Model calibration of SWAT was performed using 2000 land use maps to calibrate the annual streamflow from 1988 to 1997 at the outlet of Baoqing station. After model calibration, a simulation setup—employing the 1986 land use maps—was used to validate annual streamflow from 1978 to 1987 at Baoqing station. Model calibration was usually carried out by adjusting the values of the model parameters. The LH-OAT (Latin hypercube sampling based on one factor at a time) method was used for the sensitivity analysis, and SWAT-CUP (calibration and uncertainty programs) was used for calibration of the model runs.

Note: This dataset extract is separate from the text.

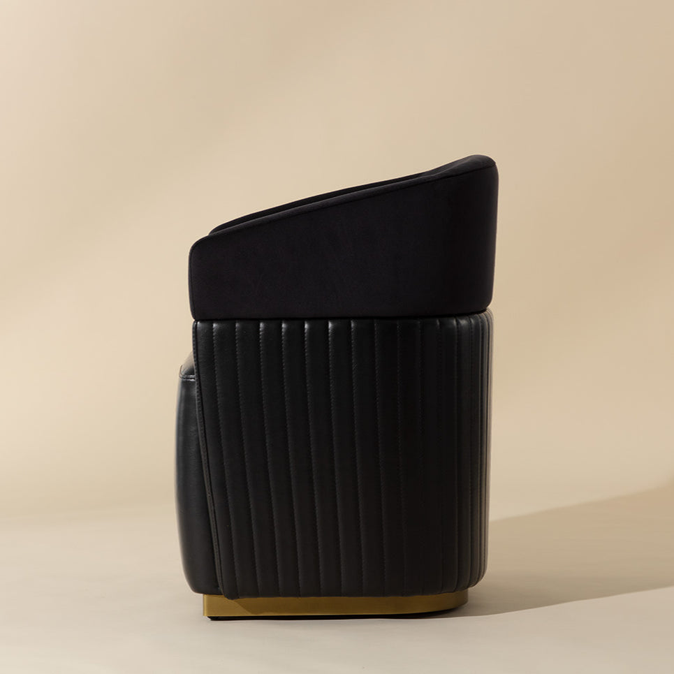 Les invités seront séduits par les détails uniques de ce fauteuil à roulettes. D'un style contemporain, ce fauteuil est doté d'un dossier capitonné en tissu noir Abbington et cuir reconstitué noir Cantina, avec une structure en laiton. Manipuler avec soin : Ce modèle est réalisé en cuir reconstitué. Le cuir reconstitué est un mélange de cuir reconstitué et de matières synthétiques conçu pour reproduire les caractéristiques naturelles du cuir ; de ce fait, les variations de couleur, les marques, les plis, les rainures et les légères rayures sont acceptables et appréciées. Chaque pièce est unique. Consultez notre page Entretien pour plus d'informations sur la façon de préserver la beauté durable de ce meuble.

SWAT-CUP is a freeware program which allows the use of the different algorithms such as MCMC (markov chain monte carlo), GLUE (generalized likelihood uncertainty estimation), ParaSol (parameter solution) and SUFI-2 (sequential uncertainty fitting version 2) for optimization of the SWAT model [29,30]. According to the analysis, the relatively sensitive parameters for the hydrological components were CN2, ALPHA_BF, CANMX, ESCO, SURLAG, CH-K2, SOL_AWC and SOL_Z. The most sensitive parameter was CN2. The optimal values for SWAT calibration are listed in Table 2. The calibrated values were fine-tuned until the simulated results were acceptable according to the criteria used to evaluate model performance.
IHACRES was used to calibrate the annual streamflow from 1956 to 1966, and for validation during 1967 to 2005, at the outlet of Baoqing station. The division of the periods was based on the Mann–Kendall results of the annual runoff during 1956–2005 (Figure 2). The optimal values for the IHACRES model calibration are listed in Table 3.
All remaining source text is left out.